Ghost In The Machine

Documentation from Thomassen Gallery
2022
Anton Alvarez  /  Daniel Eatock  /  Per Englund  /  Gabriella Novak
Tobias Bradford  /  Tove Kjellmark  /  Karl Norin  /  Erik Berglin

Can machines think, can they be creative? In the spring of 1997 the chess computer Deep Blue defeated the reigning world champion Garry Kasparov. After the loss, Kasparov claimed that Deep Blue must have been controlled by humans since it made irrational moves that Kasparov believed only a mind capable of abstract thinking could make. Afterwards, it has been speculated whether there were glitches in the code that lead to these random moves. So it may have been software errors that defeated one of the greatest chess players of all time. This type of “glitches” are present in the works that make up Ghost In The Machine. The exhibition presents artists who work with technology in a curious way, giving machines a role as co-creator of their works.

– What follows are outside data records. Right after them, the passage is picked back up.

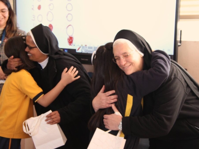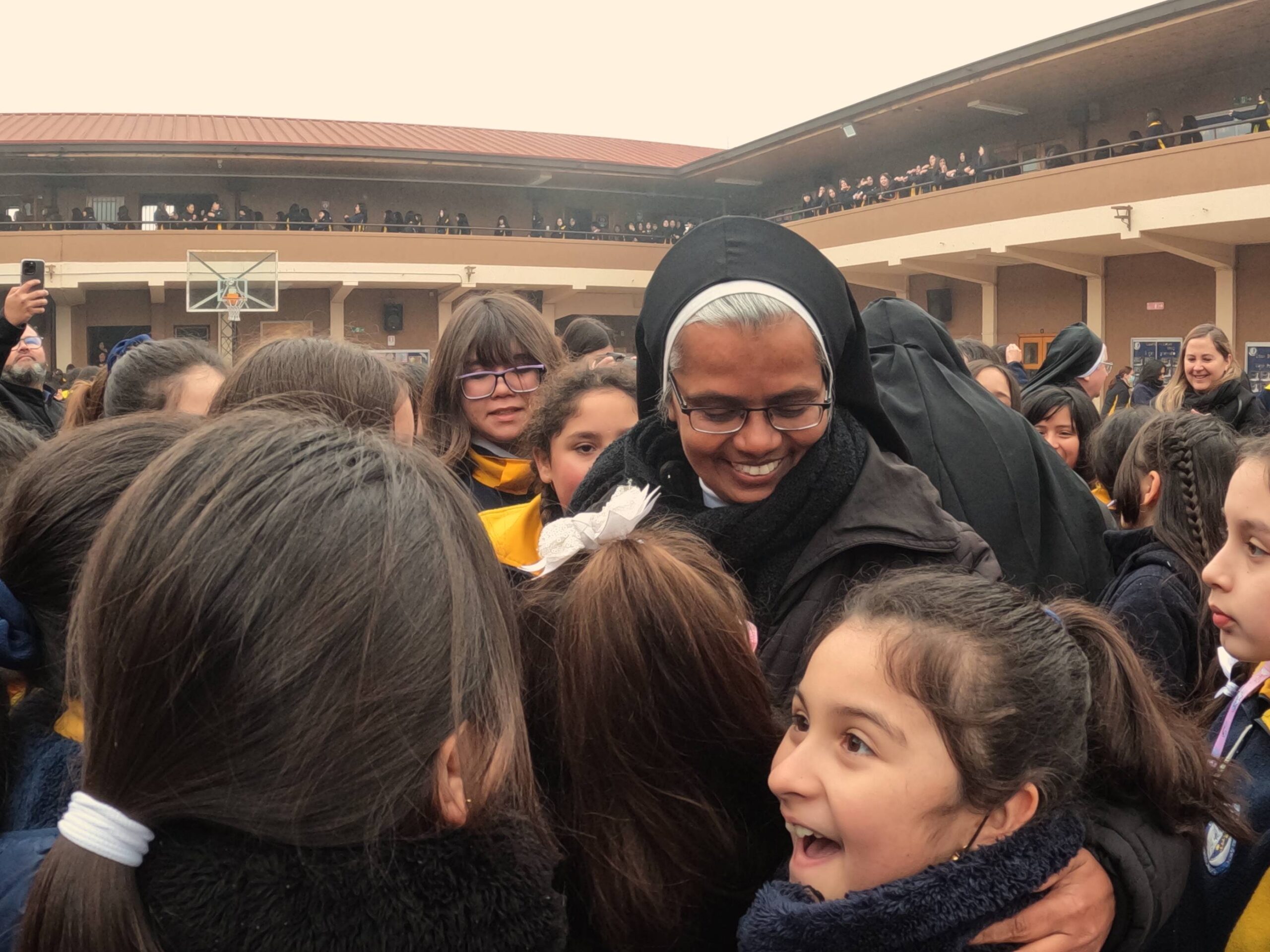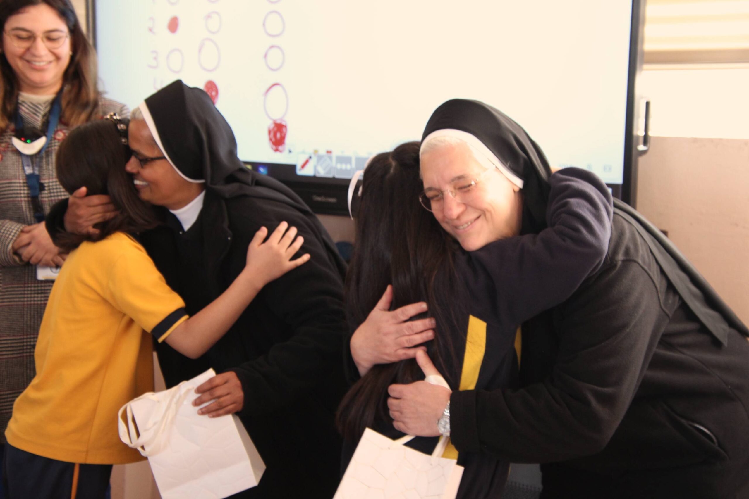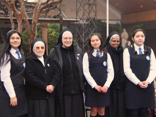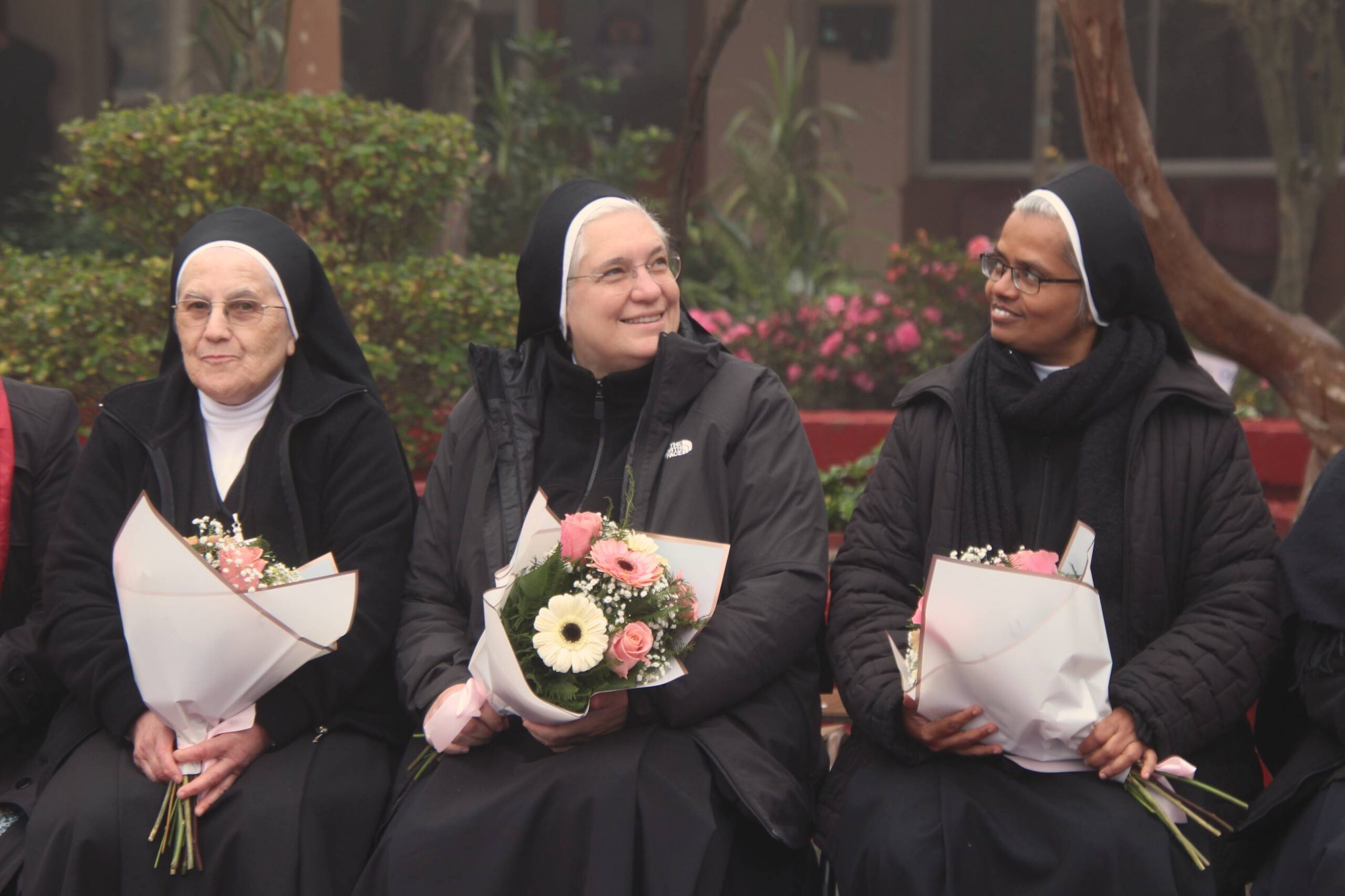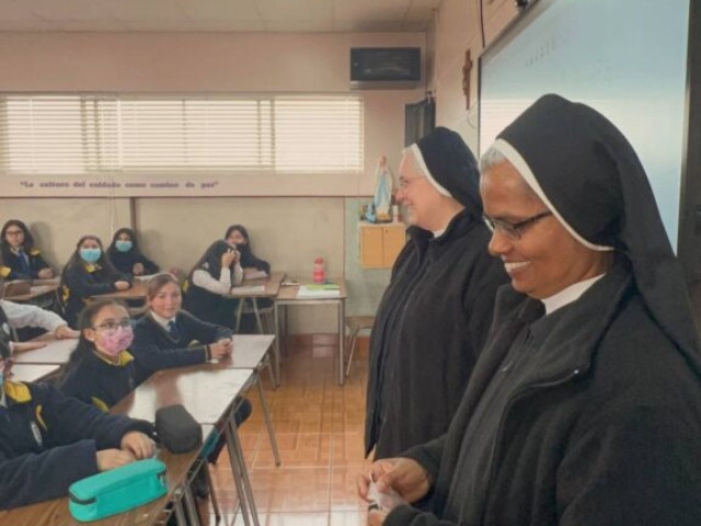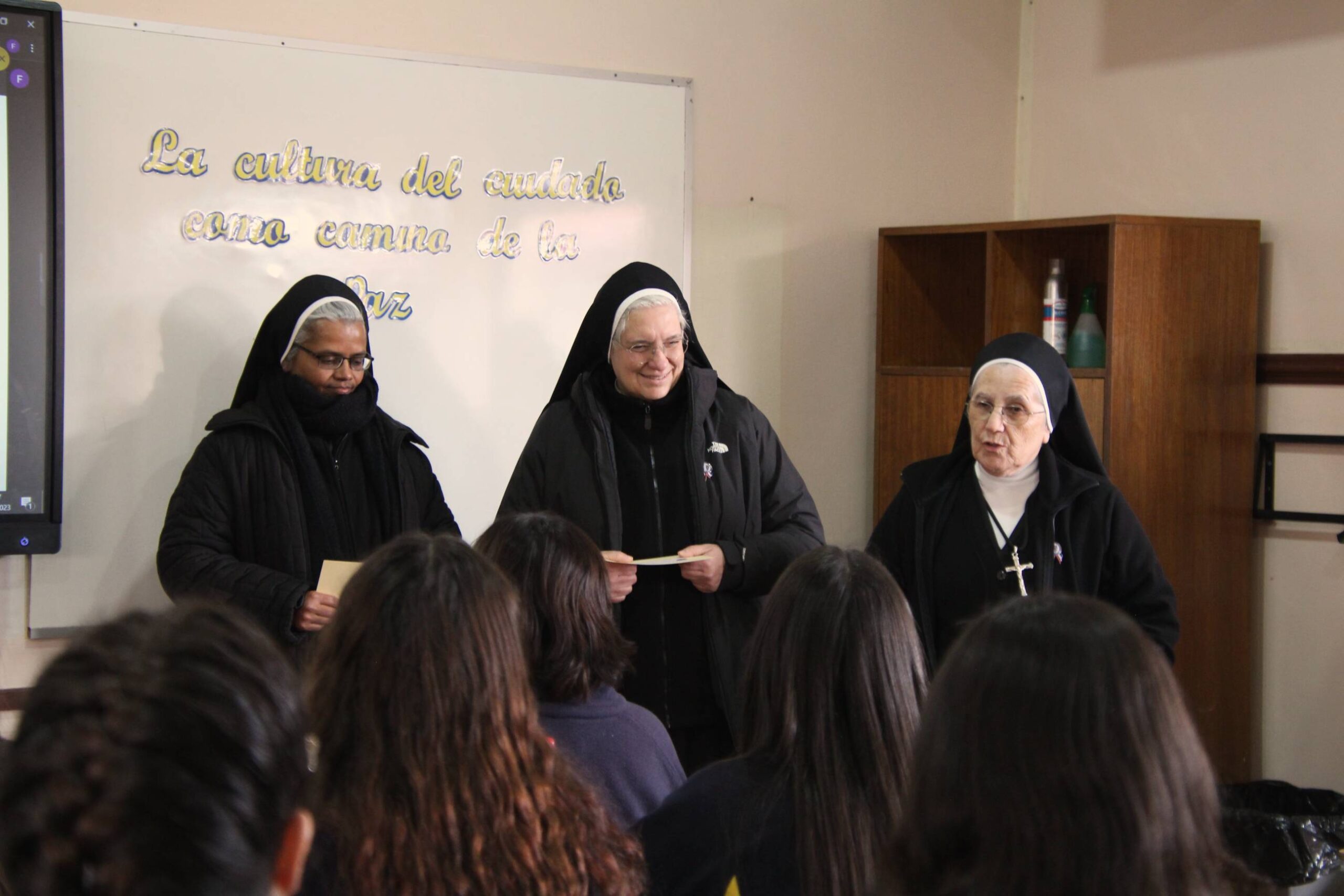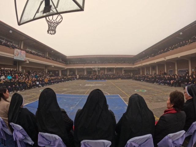 Sor Teresa Aceituno Farías, agradeció el compromiso de los docentes, y su importante labor y colaboración para el despliegue de este proyecto educativo, en esta ocasión felicita al profesor Miguel Guerrero quien ha tenido un notable compromiso preparando a la Banda Femenina de Guerra, y por supuesto, a la coordinación del equipo de Inspectoría General y a quienes le colaboraron en la preparación de todas las actividades itinerantes de saludo, reconocimiento y despedida para nuestras ilustres visitas: Sor Chiara, Sor Bindu y Madre Nazarena.
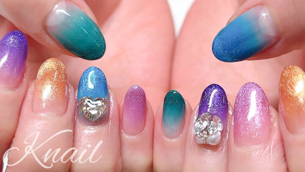 カラフルなマグネットにハートのキラキラパーツとビジューをつけて華やかネイルの完成です♪
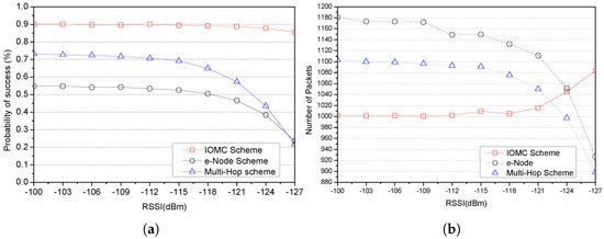 However, the IOMC scheme showed a steadily high performance until the threshold RSSI value of −120 (dBm). Beyond this point, as the RSSI values deteriorated, the probability of success for the IOMC scheme slightly decreased, but not to the extent of the e-node and multi-hop schemes. This could be attributed to the selection strategy of OH nodes with better link quality to retransmit failed messages. In addition, comparing the probability of success of a multi-hop scheme and an e-node scheme with a high node density, the multi-hop scheme achieves a better result in terms of deploying relays to provide substantial benefits in forwarding packets to the GW. Contrary, the e-node scheme’s poor link quality leads to a path loss to the source node, which obviously affects the overhearing of the e-node statically located in the sensor field.
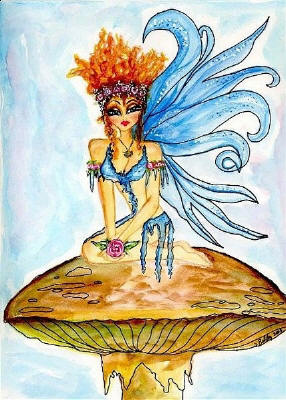 Blue Bell Fairy by Sherri Baldy 8"x10" Ceramic Art Tile with recessed hangers for tabletop or wall hanging purposes
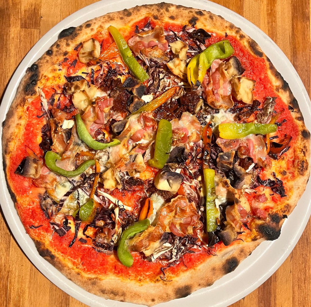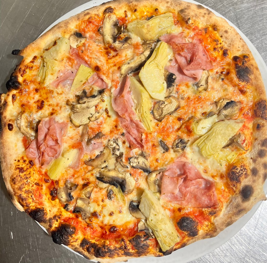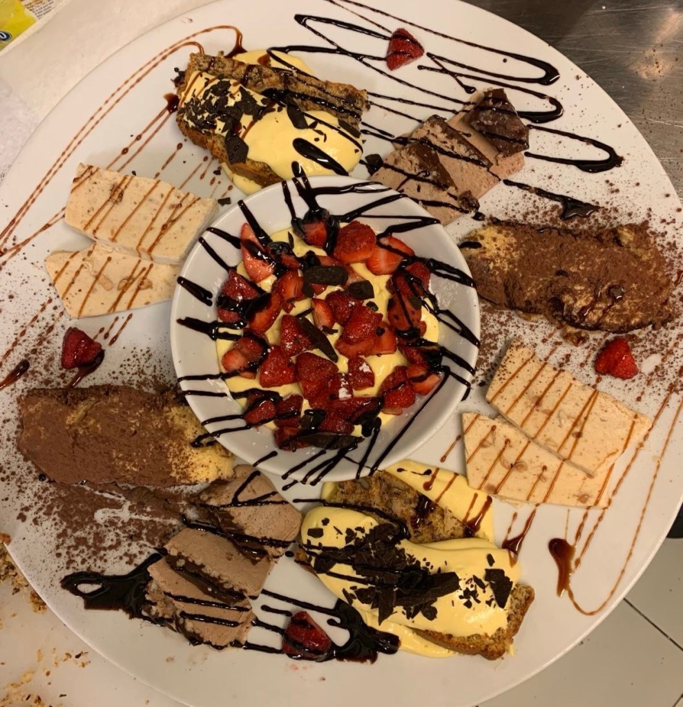 Completa l’offerta con una varietà di pizze cotte al forno e una selezione di dolci fatti in casa, perfetti per chiudere il pasto con un tocco di dolcezza.
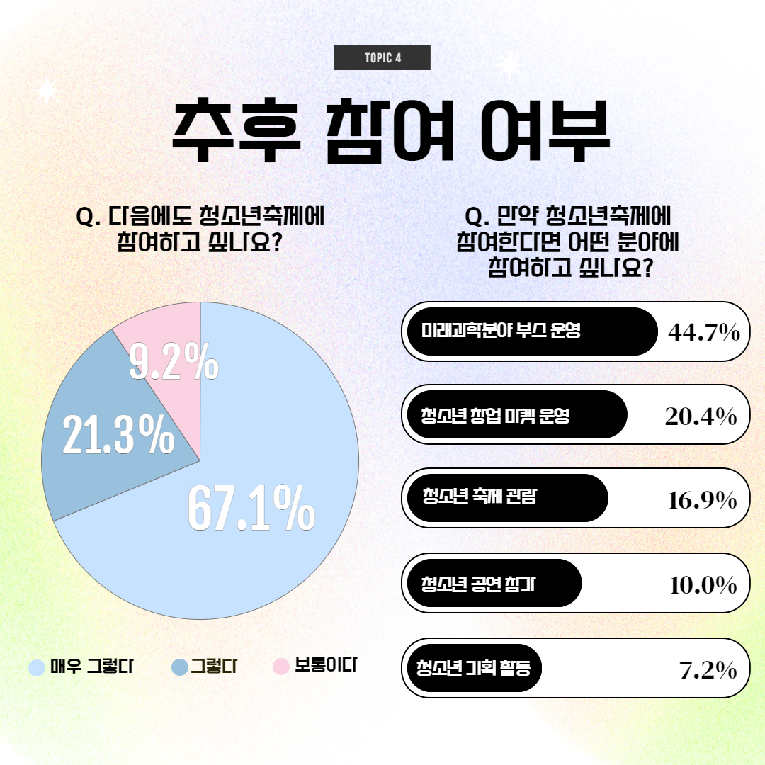 뒤를 이어, 다음에도 청소년 축제에 참여하고 싶나요? 라는 질문에 응답자들은 어떤 반응을 보였을까요?

The exhibition borrows its title from the British philosopher Gilbert Ryle’s description of dualism – meaning that the physical body and consciousness are disconnected from each other. Ryle argued that our physical bodies can be thought of as machines that happen to house a consciousness that makes decisions independent of how it affect its body. At Galleri Thomassen, this reasoning is reversed and instead it is tested whether machines can make art without human intervention.

Advanced technology is mixed with analog methods, but in both the technical equipment becomes a significant factor for the result. Anton Alvarez has designed and constructed a high-pressure machine that extrudes ceramic sculptures. Daniel Eatock often lets the pencils do the work by letting them rest against the paper, making them bleed out for various duration. Gabriella Novak has programmed a robotic arm that paints for her, Tobias Bradford also uses mechanical arms, in this show they function as the exhibition’s one-man band. Per Englund use the advanced algorithms found in today’s mobile cameras to create real-time shifts in otherwise ordinary tourist images. Erik Berglin use automated tools in Photoshop to create new landscapes for birds. Karl Norin has developed a peculiar way of vacuum-packing synthetic carpets so that they turn into abstract paintings, and Tove Kjellmark uses 3D scans that are transferred to both sculptures and drawings with the help of robots that she constructed herself.

In the recently published book The Computer as Seen at the End of the Human Age (Rojal Förlag) I read that already in 1968, Pontus Hultén curated an exhibition at MoMa that highlighted art that related to the technological progress of the time. It has been more then 50 years since then, but it still feels reactionary to work with mechanical processes in art and above all to let the machines create autonomously.